In response to a successful motion for summary judgment by Goldberg Segalla special counsel Jack L. Cohen, a federal judge has dismissed most of a race-discrimination suit by a security guard fired for leaving his overnight post at a New York City nonprofit association, enabling a burglary.
The February 26, 2020, ruling by U.S. District Judge for the Southern District of New York Jesse M. Furman, which dismisses all claims of race discrimination, retaliation, and negligence against the plaintiff’s former employer, is a win for Jack and his client, the nonprofit. The ruling saved the client as much as $400,000 in actual damages. It also reinforced the proposition that isolated derogatory or insensitive remarks are not enough to interpret a person’s actions as discriminatory.
With the ruling, all that remains of the suit is a claim regarding salary allegedly owed the terminated worker.
According to the lawsuit, at a February 2017 meeting with the nonprofit’s maintenance employees, all of whom were African American, the manager and founder told the group they would be doing security because they were “from the neighborhood” and could “relate to the community.”
The plaintiff cited the comments as purported evidence that he experienced racial discrimination that informed his firing.
The firing in question was the culmination of events that began on the evening of August 23, 2017. That day, the plaintiff worked a shift beginning at 10 p.m., according to the suit. At 10:50 he left his post and, while he was absent, a group of intruders broke in, damaging and stealing property.

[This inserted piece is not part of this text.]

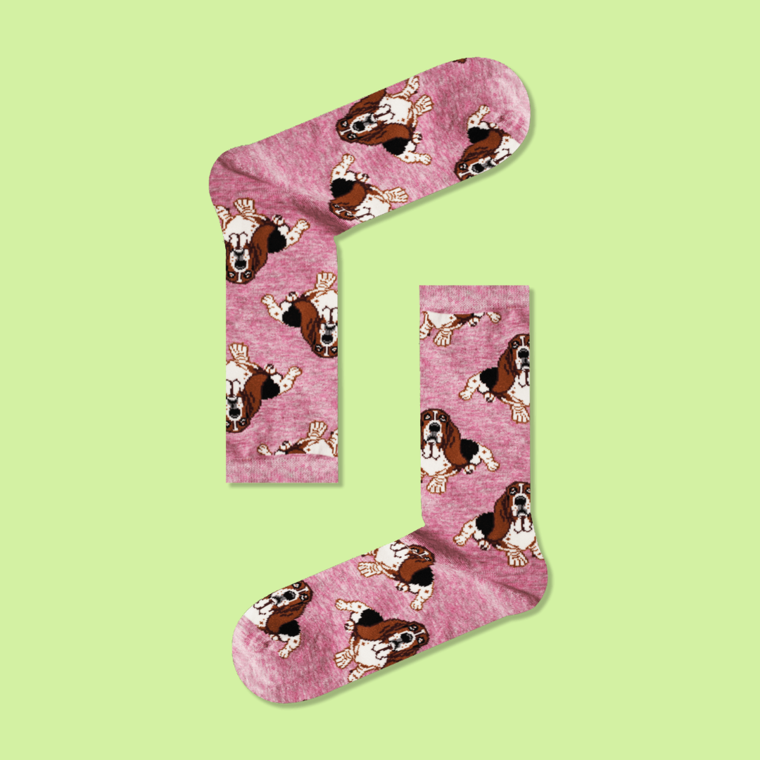 Οι Πολύχρωμες Κάλτσες Basset Hound σε ροζ φόντο γεμίζουν την καθημερινότητά σου με γλύκα και παιχνιδιάρικη διάθεση. Ιδανικές για τους λάτρεις των σκυλιών και του μοναδικού στυλ, αυτές οι άνετες, χαρούμενες κάλτσες θα σου φτιάχνουν τη διάθεση με κάθε βήμα. Γιατί η χαρά κρύβεται στις λεπτομέρειες!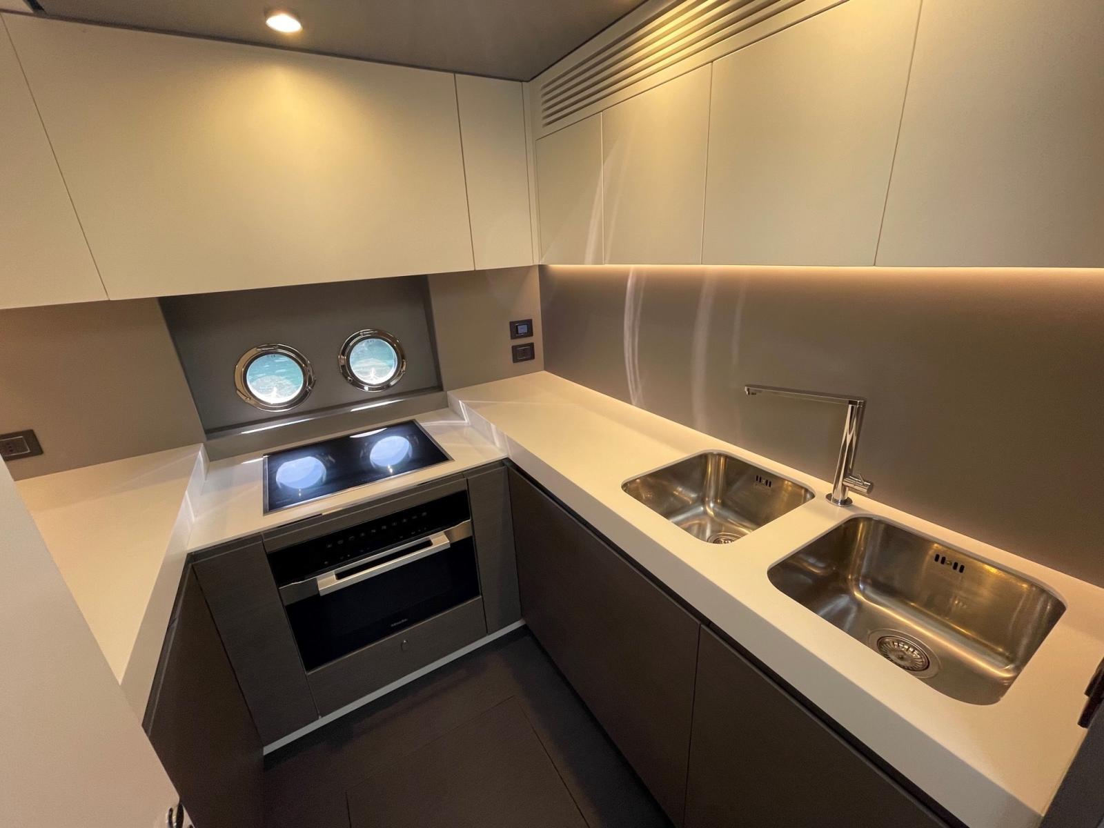 Réfrigérateur extérieur (cockpit), 2 Réfrigérateur intérieur (meuble salon et cuisine), 2 Machine à glaçons (cockpit et meuble salon), 2 Lave et sèche-linge (unités séparées), Lave-vaisselle, Four micro-ondes (+ réfrigérateur espace équipage), Plaque vitrocéramique, Winecooler (dans rangement sous la cuisine).

In his lawsuit, the plaintiff alleged that he left his post when he saw several people hop over a fence onto the property so that he could tell them to leave. After surveilling them for a while, the suit alleges, the plaintiff then spent several hours cleaning part of the property. When he returned to his post at 2:38 a.m. on August 24, he saw the damage from the break-in and phoned police.
The next day he was fired.
The nonprofit association had legitimate, non-discriminatory grounds for terminating the security guard, Furman ruled.
In addition, there was no evidence to support the plaintiff’s claim that his employer retaliated against him for complaining about alleged discrimination by increasing his workload, that he was subjected to a hostile work environment, or that his firing resulted from negligent management, the judge said.